Well the inevitable has FINALLY happened. Daryl and I were invited to Lewes Beach in Delaware this weekend by some wonderful lesbian friends of ours whom we haven’t seen since our amazing jaunt to New York City back in April. We are still playing it by ear to see if we to end up there or not since we also have a memorial dinner for my Dad to attend earlier in the weekend in Chesapeake City, Maryland. Depending on how long dinner is and how many cocktails we consume will dictate if we’d like to continue on with the 2 hour drive south to the beach.

We LOVE our girls to pieces! They truly aren’t judgmental in any way and they are terrific hostesses, however, this will mean we will have to put on our bathing suits in a public situation. Keep in mind that while Daryl and I HAVE begun eating much healthier and together have lost the combined weight of say a Matchbox car or two… oh hell, make it a box of 4, we are most certainly NOT in shape for public viewing at the present time.

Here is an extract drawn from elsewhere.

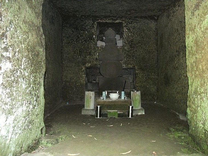 実朝五輪塔のやぐら。実朝の首は秦野に持ち去られたため、これも後世の供養塔である。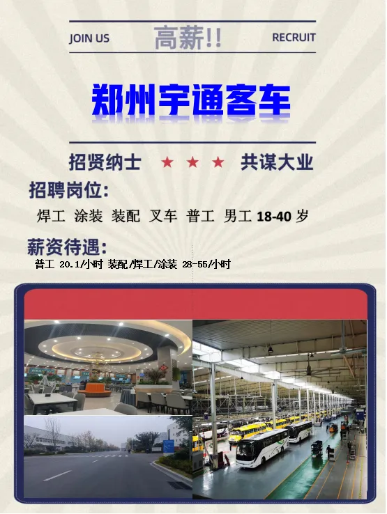当前位置:首页>郑州>【2.24-工厂招聘】郑州宇通客车/上汽乘用车/延锋座椅/三全食品/振华君润/比亚迪/安图生物

So, about halfway through writing this blog, I attempted to do a Google search for a photo to perhaps “illustrate” what two fat gay interracial men in bathing suits would look like. I wanted a comedic angle to help tie the story together, so I typed “fat gay interracial men in bathing suits” into my Google image search engine with “Safe Search” off.

Maybe I’m not adept at knowing how to search using key words, but very few of the photos even included a bathing suit.

Here’s one that DID (well sort of):

Does this look like "fat gay interracial men in bathing suits" to you?

Needless to say, there were no images that I could use in a public forum. I was distracted and totally lost my train of thought on this post. Once I get back on track, I will finish part two of our weekend adventures!